▶ _WORK REQUIRED_: Please output every line of the material as it stands, without the pictures.

▶ _INFORMATION SUPPLIED_:
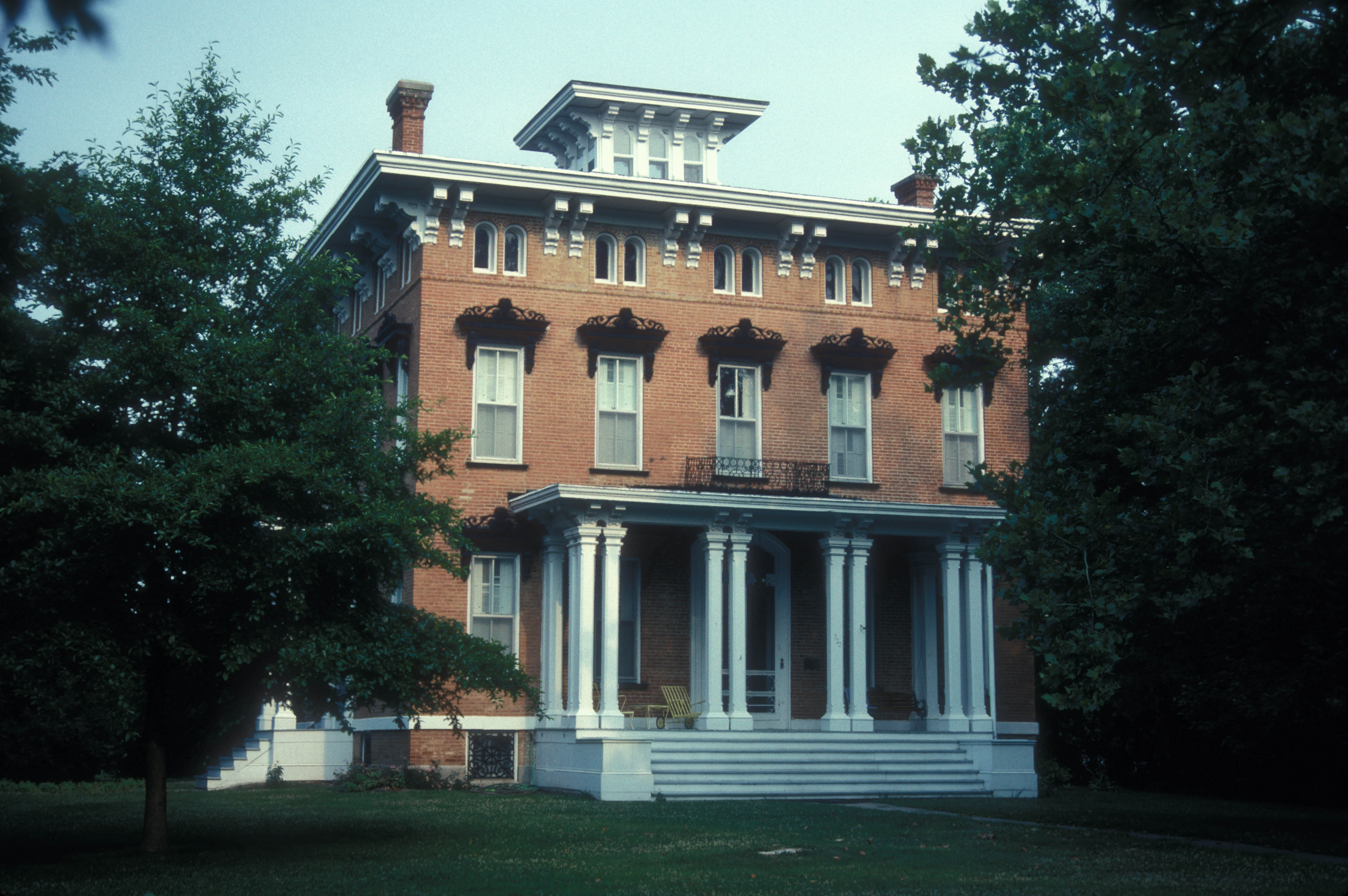 The Benjamin House, now known as the Shelbina Mansion, at 322 Shelby Street in Shelbina, Missouri.
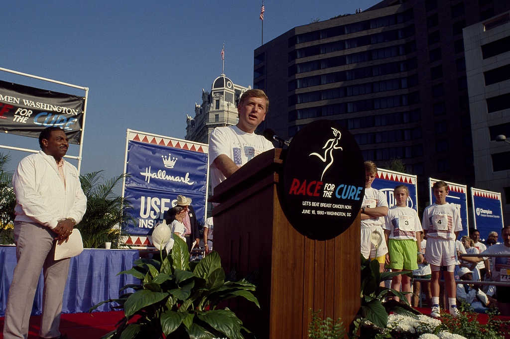 Vice President Dan Quayle speaks at Race for the Cure on Pennsylvania Avenue, Washington, D.C., 1990
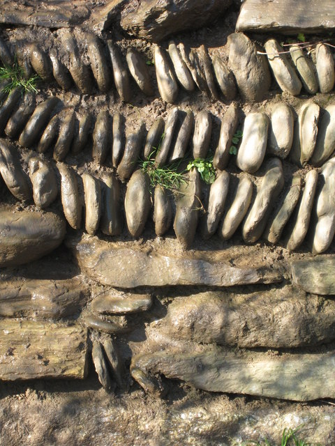 Cornish hedge at the rear of Porth Sawsen beach The Cornish hedge is found throughout the county as a field boundary and consists of stones built up in an earth fill, grading from very large stones at the base to smaller ones at the top, as seen here. This hedge is quite new and they frequently become totally overgrown with vegetation so that the stonework is not visible. The skill of hedge-building still flourishes, mainly thanks to the National Trust, as in this instance, and the County Council, which builds hedges alongside new roads.
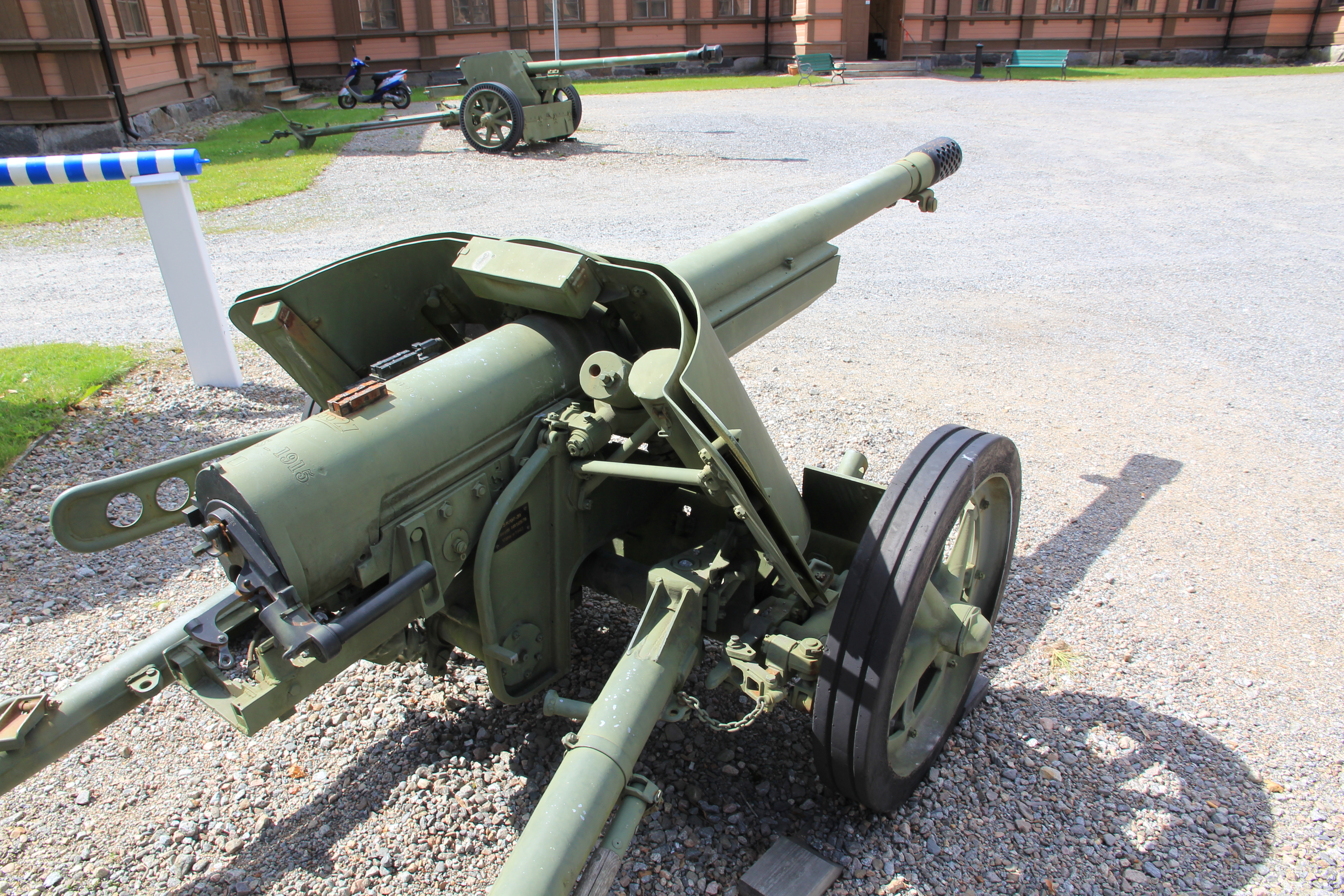 75 mm PaK 97/38 anti-tank gun at the yard of Mikkeli Infantry museum. Pak 40 on the background.

▶ _RESULT OF THIS TASK_:
 The Benjamin House, now known as the Shelbina Mansion, at 322 Shelby Street in Shelbina, Missouri.
 Vice President Dan Quayle speaks at Race for the Cure on Pennsylvania Avenue, Washington, D.C., 1990
 Cornish hedge at the rear of Porth Sawsen beach The Cornish hedge is found throughout the county as a field boundary and consists of stones built up in an earth fill, grading from very large stones at the base to smaller ones at the top, as seen here. This hedge is quite new and they frequently become totally overgrown with vegetation so that the stonework is not visible. The skill of hedge-building still flourishes, mainly thanks to the National Trust, as in this instance, and the County Council, which builds hedges alongside new roads.
 75 mm PaK 97/38 anti-tank gun at the yard of Mikkeli Infantry museum. Pak 40 on the background.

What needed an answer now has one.